**Instructions to follow**
Transcribe the entries below word for word, beginning at the line with "- Высота верхних шкафов 720 мм" and stopping after the line with "Marshall stability (kN)"; drop all pictures.

Data entries:
======

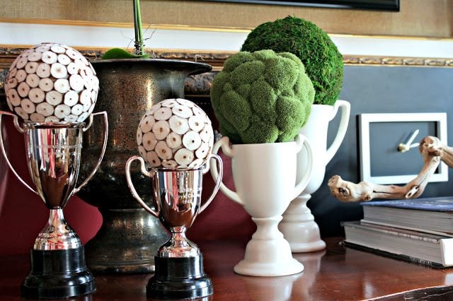 Since fall is all about gathering and harvesting, grouping collections like candlesticks, vases or in my case trophy cups is an easy way to give a vignette a fall look just by rearranging what you already have.
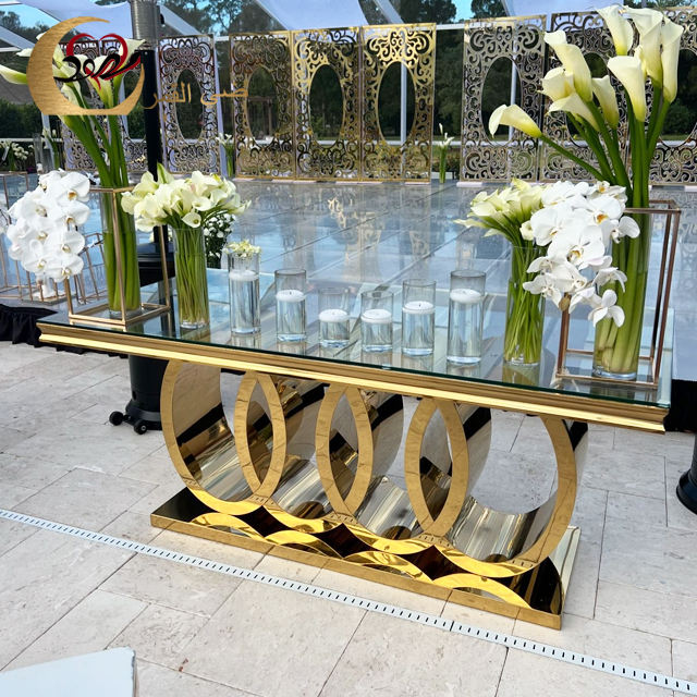 โต๊ะอาหารสแตนเลสกระจกสีทอง12ที่นั่งสุดหรู
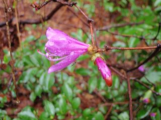 【右】コバノミツバツツジの開花日。昨日の下見時には咲いていなかった。
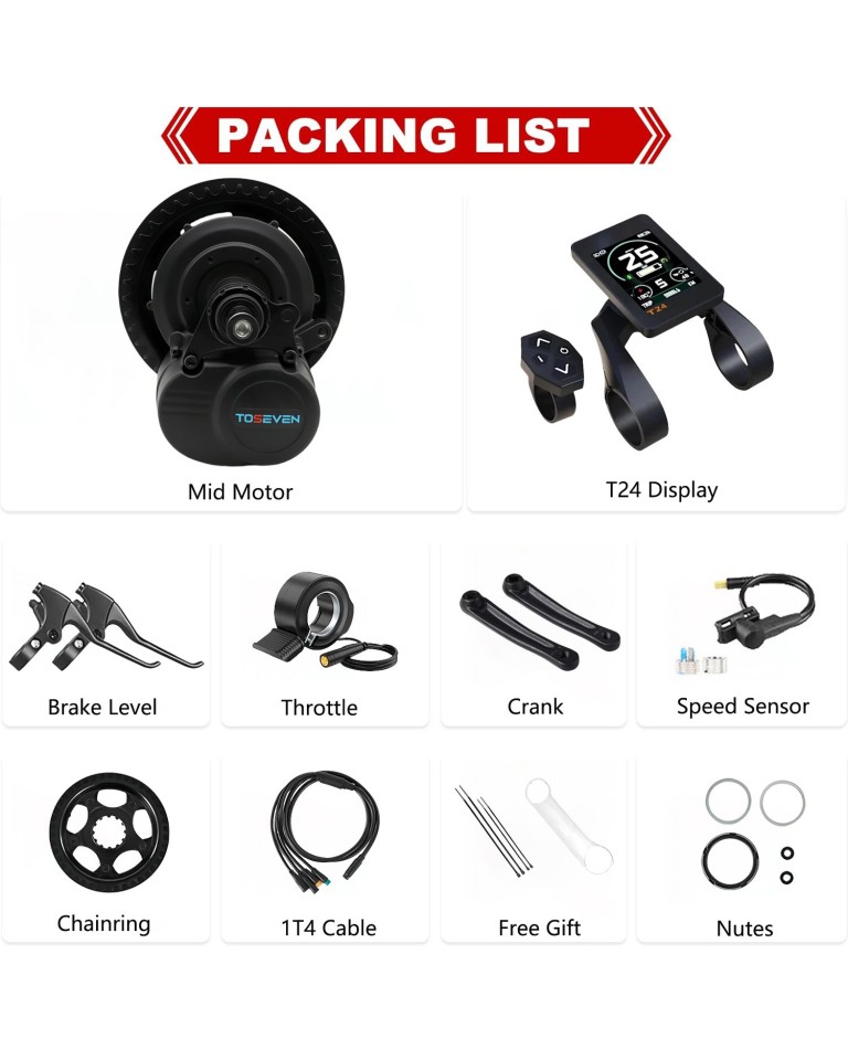 Toseven DM02 Ebikeモーターキット 48V 500W ミッドドライブモーター 電動自転車 ブラシレス トルクセンサー DIYコンバージョンキット BB68バイク用
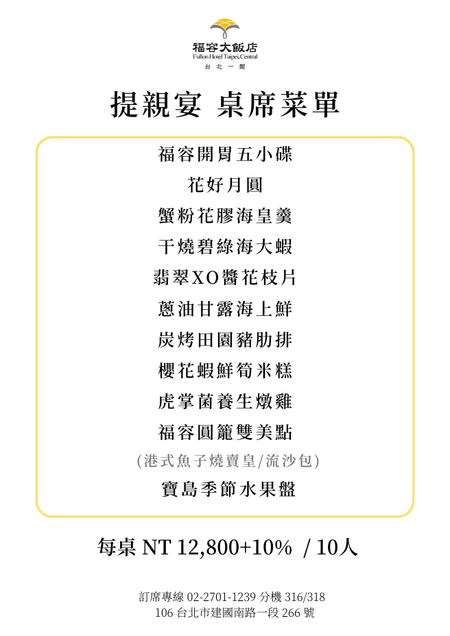 ▋專案時間:2025年10月01日至2026年6月30日福容台北一館打造全新【提親宴專案】規劃吉祥如意菜單及準備貼心伴手禮
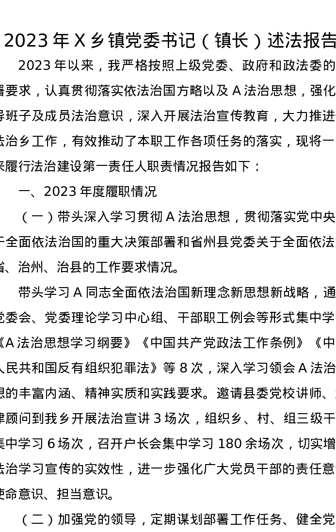 2023年X乡镇党委书记(镇长)述法报告
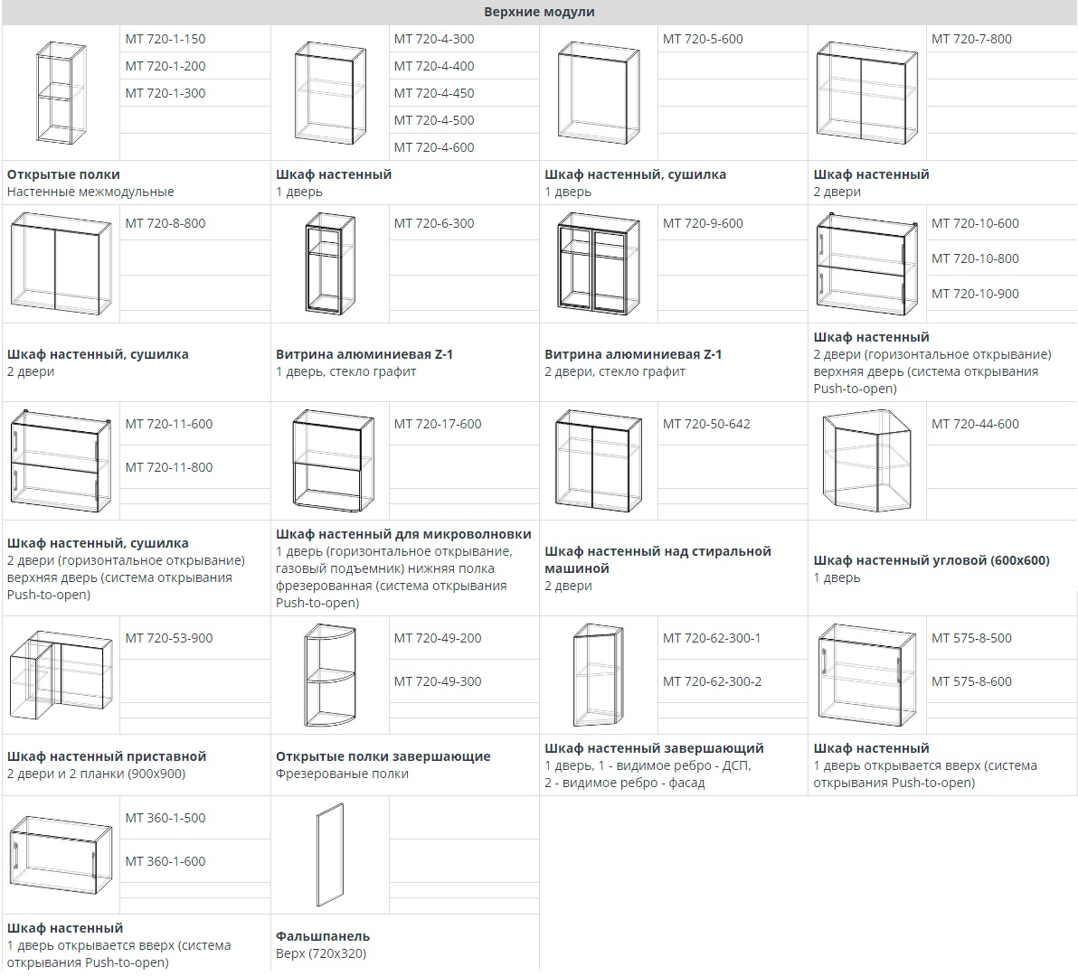 - Высота верхних шкафов 720 мм
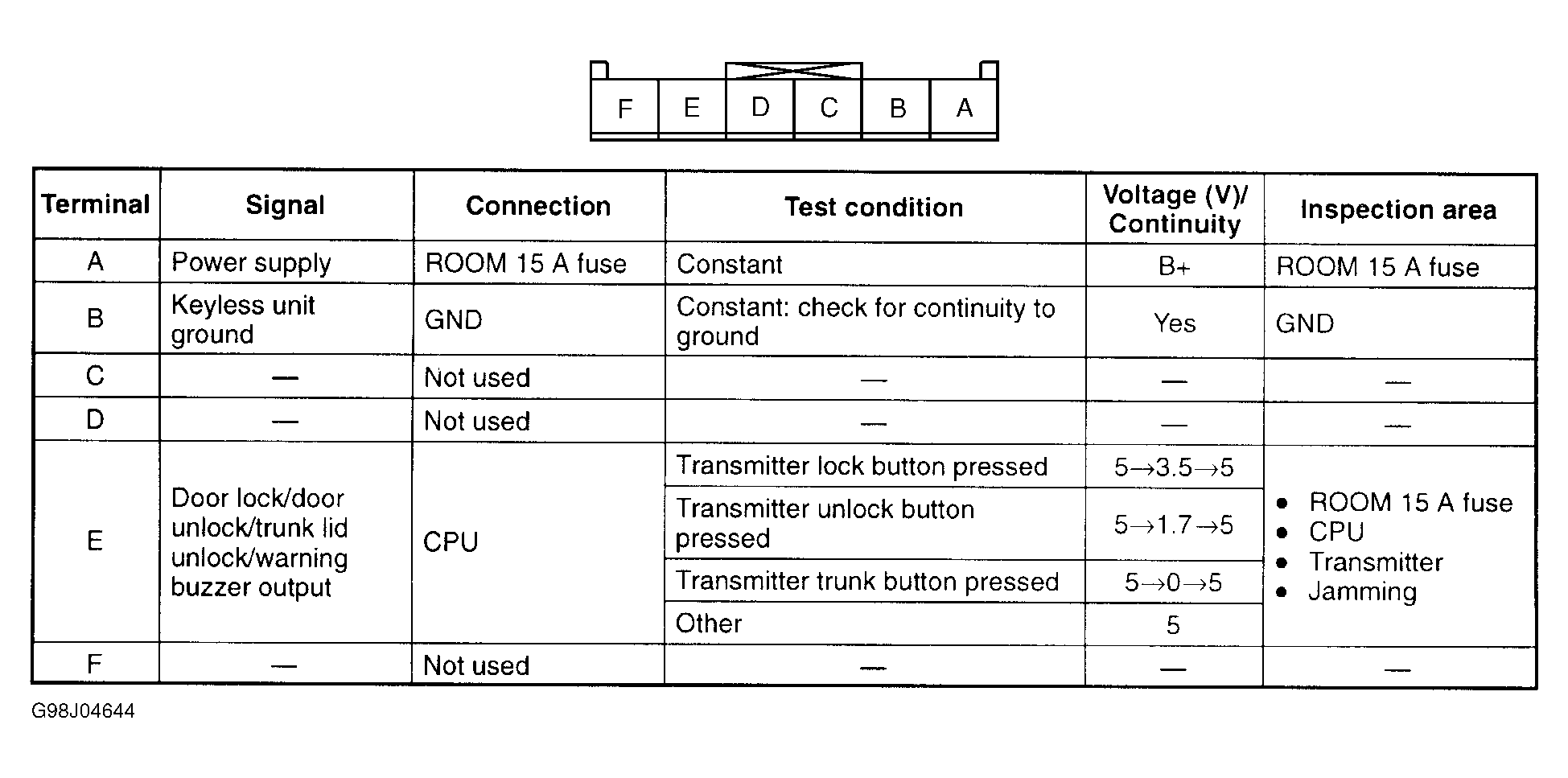 - Disconnect harness connector before checking continuity at terminal "B" (ground). If voltage measurements or continuity are not as specified, check related components and wiring harnesses. If items are okay, but system is still not functioning properly, replace keyless control module.
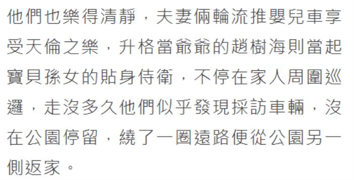全程下来都是赵又廷夫妇轮流推着婴儿车,赵树海只是担任“贴身侍卫”一角,在附近来回巡逻,并很快发现记者的车辆,于是一家人从公园另一侧返家。
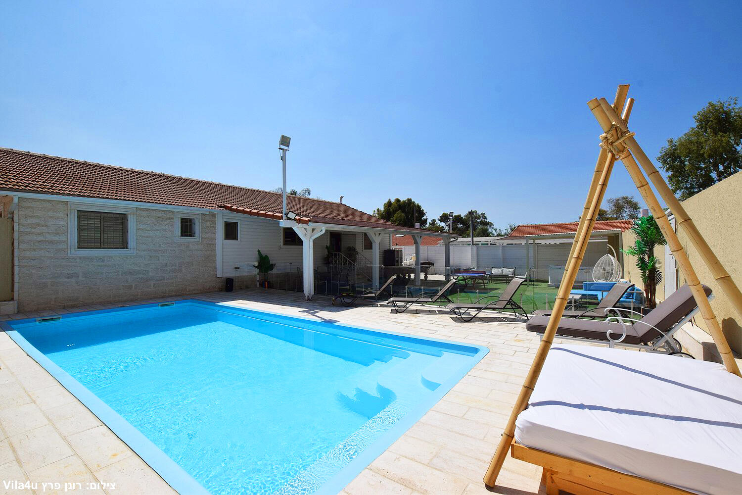 בואו לגלות את וילה יהלום בלבן - מתחם נופש מפואר במושב תירוש. המתחם המרכזי מציע 6 חדרי שינה מרווחים, שני מטבחים מאובזרים במלואם, בריכת שחייה מחוממת ומקורה, ג'קוזי ספא מפנק, מדשאות מטופחות ופינות ברביקיו מקצועיות.
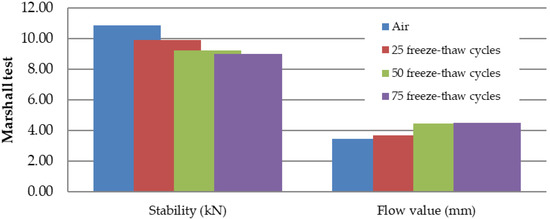 Marshall stability (kN) and flow value (mm) depending on the number of freeze–thaw cycles.
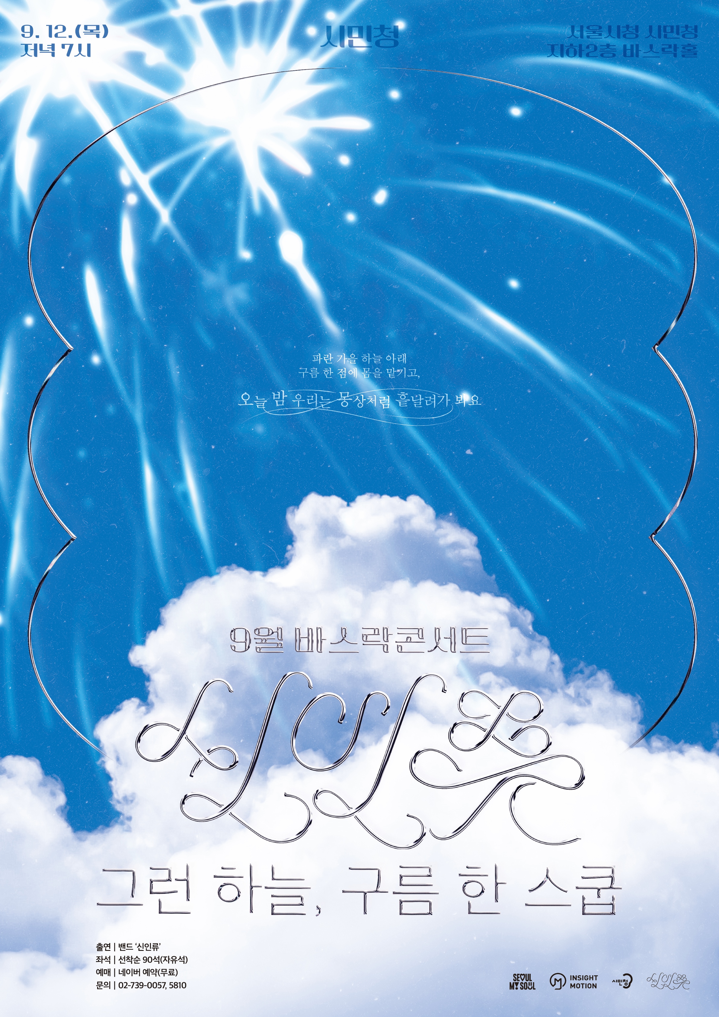 9월 12일(목) 오후 7시 서울시청 시민청 지하 2층 바스락홀에서 바스락콘서트 ‘그런 하늘 구름 한 스쿱 : 신인류’를 진행한다.

======

**Solution to this exercise**
 - Высота верхних шкафов 720 мм
 - Disconnect harness connector before checking continuity at terminal "B" (ground). If voltage measurements or continuity are not as specified, check related components and wiring harnesses. If items are okay, but system is still not functioning properly, replace keyless control module.
全程下来都是赵又廷夫妇轮流推着婴儿车,赵树海只是担任“贴身侍卫”一角,在附近来回巡逻,并很快发现记者的车辆,于是一家人从公园另一侧返家。
 בואו לגלות את וילה יהלום בלבן - מתחם נופש מפואר במושב תירוש. המתחם המרכזי מציע 6 חדרי שינה מרווחים, שני מטבחים מאובזרים במלואם, בריכת שחייה מחוממת ומקורה, ג'קוזי ספא מפנק, מדשאות מטופחות ופינות ברביקיו מקצועיות.
 Marshall stability (kN) and flow value (mm) depending on the number of freeze–thaw cycles.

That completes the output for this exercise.